Tears ran down my face as I looked into his eyes, so full of hurt and concern. Our world seemed to be unraveling every which way we turned. Nothing seemed to be working in our favor, and the thought of it all had me sick to the point of wanting to vomit.

“I can’t live my life for anyone but me, and I hate not having my fucking family around for this, but I need to move forward. If they want to step out of my life, they’ll just have to.”

His words sliced me to the core. Alex had the family I wished I’d had growing up. They were encouraging, loving, and supportive, and yet, everything they were, they had turned away from. Alex was making a choice that they were forcing him to make, but that didn’t mean it came lightly. It was a silent killer, and even though he was ready to move forward with me, I could tell a large piece of him was dying inside.

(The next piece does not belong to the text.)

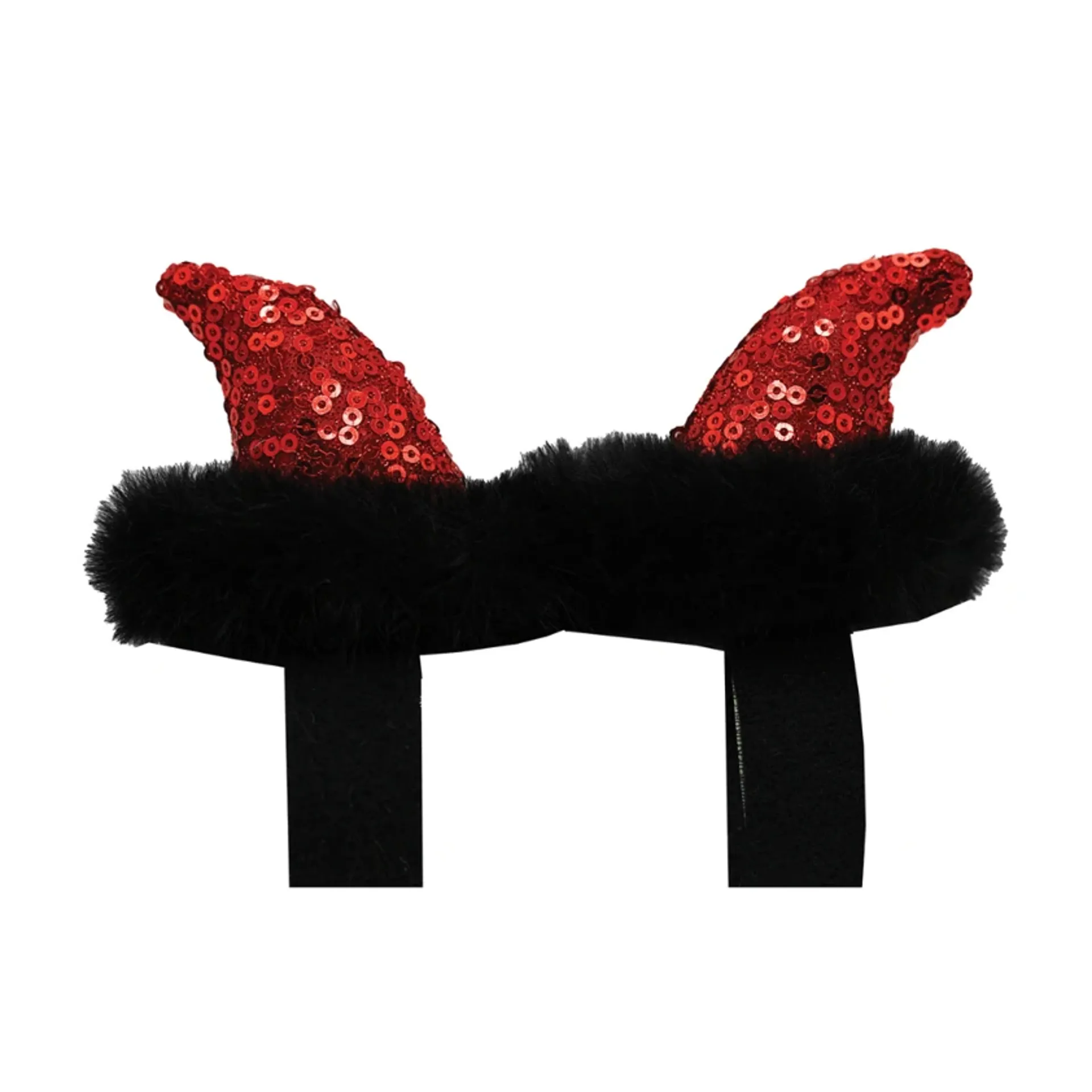 Limited edition glitter Devil horns in Red designed specifically for your horse's bridle! Perfectly suitable for both standard and anatomical headpieces, these horns come with convenient Velcro attachments for easy application. This Halloween, elevate your horse's costume to new devilish heights by adding these unique spooktacular glitter Devil horns! Order your limited edition glitter Devil horns today and let your horse shine with devilish charm. Devil hat silk also available. Supplied in pairs. 100% Polyester.
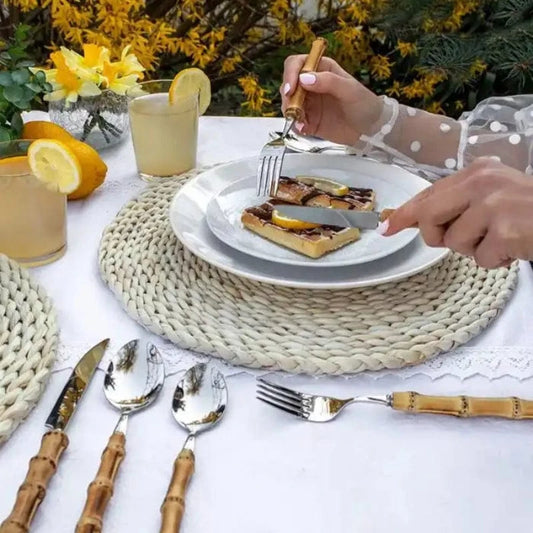 24 stk. Bambushåndtag Bestiksæt - Rustfrit Stål - Miljøvenlig - Håndlavet

He took my hand and kissed the top as more tears streamed down my face. “What’s the matter, Blondie?” I shook my head, unable to formulate words. “Fucking talk to me, Cassie. I hate watching you hurt. Let me help you.”

“I can’t, Alex… I just can’t.”

“You can’t what?”

I looked up into his eyes, the saddened hazel orbs staring into my soul, willing the words out of me. I felt sick and heartbroken, but I couldn’t go on with jumbled feelings any longer. More tears fell as I tried hard to catch my breath. I was floundering, struggling to survive as I watched the man I loved more than anyone else on this earth stare into my soul.

“What, Cassie? Talk to me, baby.”

“I can’t marry you, Alex. Not right now.”

My words seemed to knock the air out of Alex as they hit me like a ton of bricks. I was in shock by what had left my mouth, and now afraid of what was to come. I had done irrevocable damage to us, but even more so, I knew that I had destroyed Alex. As I looked at him, eyes bulging with tears streaking down his face, I couldn’t stop the floodgates from opening and allowing the tears to race down my own. The hurt filling Alex’s truck was too much to bear, so I jumped out and threw up, watching the splatter hit the ground through my tear streaked eyes.

Chapter 9

Alex

What the fuck had Cassie just said?

I wasn’t sure I’d heard her correctly because my ear drums instantaneously burst with the sound of her words. My heart sank, and vomit seemed to be racing to the top, ready to explode in a violent manner, mirroring Cassie on the other side of the truck. Heat flared up in my chest, and the pain accompanying her words was worse than anything that I’d ever felt before. A savage beast, ripping away at my flesh would have felt better than what I was feeling at the moment. I couldn’t breathe, and my vision went blurry, making me feel sick with disgust and worry.

My grandmother shocked the hell out of me with how vile she had been to Cassie. I didn’t go into that situation thinking she would be okay with what was happening, and I knew she would have some words to say, but never in a million years, no matter how angry she got, did I think she’d lay out an ultimatum for me. Here I was, forced to choose between my family and the girl I loved, and the shit was slowly, tortuously ripping me in half, leaving me bare, naked, and vulnerable.

I forcefully pushed open the truck door and stepped out, propping myself up against the side while my hands hid my face from the sun. Agony soared through me, filling me with combustible pain. I turned around, momentarily losing the ability to control my body, and my fist met the side of the truck, sending throbbing jolts through my hand as I yelled out in menacing frustration, “Fuck!”

This shit felt like a nightmare that just wouldn’t end, and I was struggling to break away from it.

When I finally got my bearings back, I walked around to the other side of the truck to find Cassie hunched over, breathing hard as if she struggled to find air. I couldn’t care that she had just poured the salt into the wounds that felt as if they would be the end of me. She was hurting, and when she hurt, I hurt even more. The sight of her in that state was enough to put the nail in my coffin, and I wasn’t ready for that to happen.